Romney acknowledged that efforts to demonize Fauci “seems to be working politically.”

“I think that’s one of the unfortunate realities of our new performance politics,” he added, warning “there’s no question” that attacks on public health officials are undermining public confidence in health recommendations, such as advice to get vaccinated.

Fauci has not taken criticism from Paul without firing back, telling the Kentucky senator in a July hearing after Paul suggested he had lied to Congress: “Sen. Paul, you do not know what you are talking about, quite frankly.”

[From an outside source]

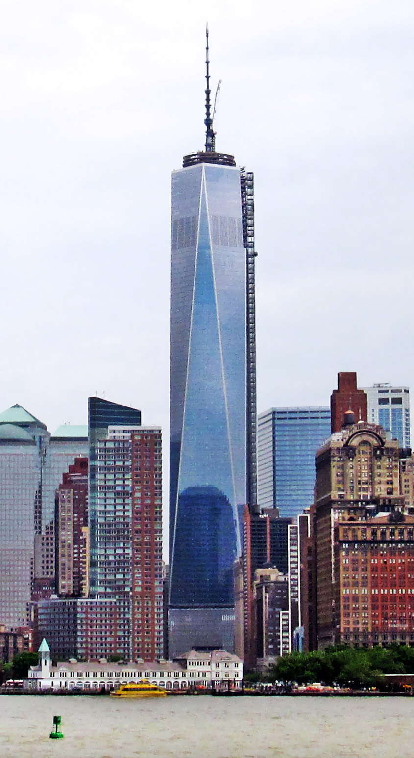 Construction of One WTC on 16 June 2013 as seen from the Staten Island Ferry

Fauci’s Republican critics are quick to point out the times he’s been wrong, such as early during the pandemic when he and other health officials initially counseled against wearing masks. Fauci explained that he worried there wouldn’t be enough protective equipment for health care providers and the transmissibility of the virus still wasn’t well understood.

He also took heat from critics in October for saying it was “too soon to tell” whether people would be able to gather with their families for Christmas, comments he later said were misrepresented.

But the biggest bone of contention with conservatives is his denial at a Senate hearing in May that NIH had funded gain-of-function research in Wuhan through EcoHealth Alliance, a nongovernmental organization.

Cruz and Paul say that new evidence shows that Fauci misrepresented the facts, but the NIH hasn’t acknowledged the research in question met the criteria for gain-of-function research.

Jim McLaughlin, a Republican pollster, argued Fauci has become a political liability for Biden. 

“He hasn’t had Fauci out much lately and the reason is because he’s got high negatives. More than half the voters are unfavorable to the guy now,” McLaughlin said, referring to Fauci’s approval numbers. “People don’t trust him anymore. Look, Democrats like him, think he’s good, but I’m telling you, the Republican base and the swing voters don’t trust him anymore. They think he’s a political hack.”

Fauci was standing next to Biden on Monday, however, when the president offered remarks about the new omicron variant that has sparked new worries about the pandemic. This suggests Biden sees more benefits than negatives to working with Fauci. 

Fauci, who is 80 years old, says he doesn’t plan to step down from his position as chief medical adviser to Biden and as director of the National Institute of Allergy and Infectious Diseases until the COVID-19 pandemic is “in the rearview mirror.”

“I’m going to keep doing that until this COVID-19 outbreak is in the rearview mirror, regardless of what anybody says about me, or wants to lie and create crazy fabrications because of political motivations,” he told CBS earlier this month.